*Given records*:

╔══

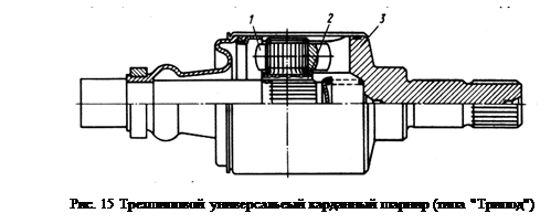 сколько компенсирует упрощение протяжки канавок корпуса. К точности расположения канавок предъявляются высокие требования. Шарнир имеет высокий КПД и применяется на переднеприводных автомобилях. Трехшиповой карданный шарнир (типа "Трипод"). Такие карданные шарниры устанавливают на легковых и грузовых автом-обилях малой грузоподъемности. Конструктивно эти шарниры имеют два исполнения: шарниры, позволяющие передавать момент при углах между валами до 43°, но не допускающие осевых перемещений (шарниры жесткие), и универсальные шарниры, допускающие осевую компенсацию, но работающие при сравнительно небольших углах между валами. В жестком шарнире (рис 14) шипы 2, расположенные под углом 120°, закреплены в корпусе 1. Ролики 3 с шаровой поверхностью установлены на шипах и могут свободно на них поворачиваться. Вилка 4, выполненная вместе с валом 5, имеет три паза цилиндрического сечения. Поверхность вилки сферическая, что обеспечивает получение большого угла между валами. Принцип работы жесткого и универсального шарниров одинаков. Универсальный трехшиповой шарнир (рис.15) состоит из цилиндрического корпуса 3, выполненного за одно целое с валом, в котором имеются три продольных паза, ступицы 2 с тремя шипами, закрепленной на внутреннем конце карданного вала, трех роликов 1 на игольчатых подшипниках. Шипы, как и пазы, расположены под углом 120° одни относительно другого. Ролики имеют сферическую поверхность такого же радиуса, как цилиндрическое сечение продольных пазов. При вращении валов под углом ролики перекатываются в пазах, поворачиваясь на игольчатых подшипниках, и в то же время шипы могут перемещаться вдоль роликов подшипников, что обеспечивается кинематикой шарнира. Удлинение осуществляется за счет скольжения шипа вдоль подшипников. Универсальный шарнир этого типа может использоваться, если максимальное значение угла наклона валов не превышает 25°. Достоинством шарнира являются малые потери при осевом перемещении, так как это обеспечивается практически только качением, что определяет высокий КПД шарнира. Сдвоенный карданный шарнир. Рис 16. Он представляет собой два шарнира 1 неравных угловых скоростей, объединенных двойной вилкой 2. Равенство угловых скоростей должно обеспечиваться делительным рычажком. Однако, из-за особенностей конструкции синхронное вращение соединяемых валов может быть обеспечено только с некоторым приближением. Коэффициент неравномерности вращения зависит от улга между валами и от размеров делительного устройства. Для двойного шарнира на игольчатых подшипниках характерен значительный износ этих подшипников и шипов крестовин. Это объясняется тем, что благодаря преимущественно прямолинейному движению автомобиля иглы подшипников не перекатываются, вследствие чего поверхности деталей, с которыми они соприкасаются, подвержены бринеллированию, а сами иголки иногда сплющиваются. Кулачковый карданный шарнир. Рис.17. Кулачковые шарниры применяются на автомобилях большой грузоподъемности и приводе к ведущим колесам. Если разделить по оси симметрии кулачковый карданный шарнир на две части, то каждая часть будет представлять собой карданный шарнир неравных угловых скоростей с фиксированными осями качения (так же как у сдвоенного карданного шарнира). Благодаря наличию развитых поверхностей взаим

╚══
╔══

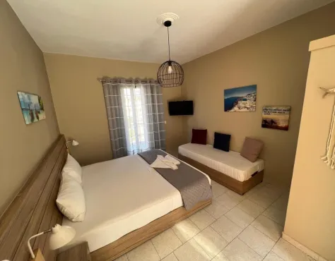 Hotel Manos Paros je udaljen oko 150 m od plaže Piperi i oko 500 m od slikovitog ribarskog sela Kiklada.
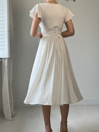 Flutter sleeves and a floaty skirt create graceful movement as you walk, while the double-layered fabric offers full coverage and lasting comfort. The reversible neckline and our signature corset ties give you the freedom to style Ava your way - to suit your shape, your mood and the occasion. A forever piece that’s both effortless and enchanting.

╚══
╔══

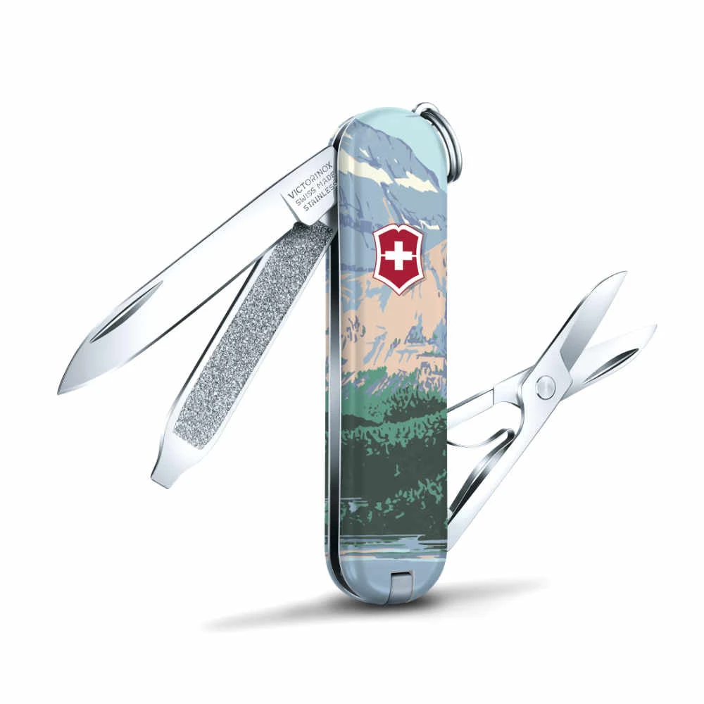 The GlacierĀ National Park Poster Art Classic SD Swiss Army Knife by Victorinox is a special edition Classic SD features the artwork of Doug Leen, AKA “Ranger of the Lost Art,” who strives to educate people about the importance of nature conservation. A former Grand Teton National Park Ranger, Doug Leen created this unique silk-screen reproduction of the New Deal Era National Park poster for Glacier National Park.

╚══

The lines above starting at the one that holds "Hotel Manos Paros" and ending at the one that holds "Flutter sleeves and" are to be written out exactly, ends included, and no pictures are to be copied.

*Result*:
 Hotel Manos Paros je udaljen oko 150 m od plaže Piperi i oko 500 m od slikovitog ribarskog sela Kiklada.
 Flutter sleeves and a floaty skirt create graceful movement as you walk, while the double-layered fabric offers full coverage and lasting comfort. The reversible neckline and our signature corset ties give you the freedom to style Ava your way - to suit your shape, your mood and the occasion. A forever piece that’s both effortless and enchanting.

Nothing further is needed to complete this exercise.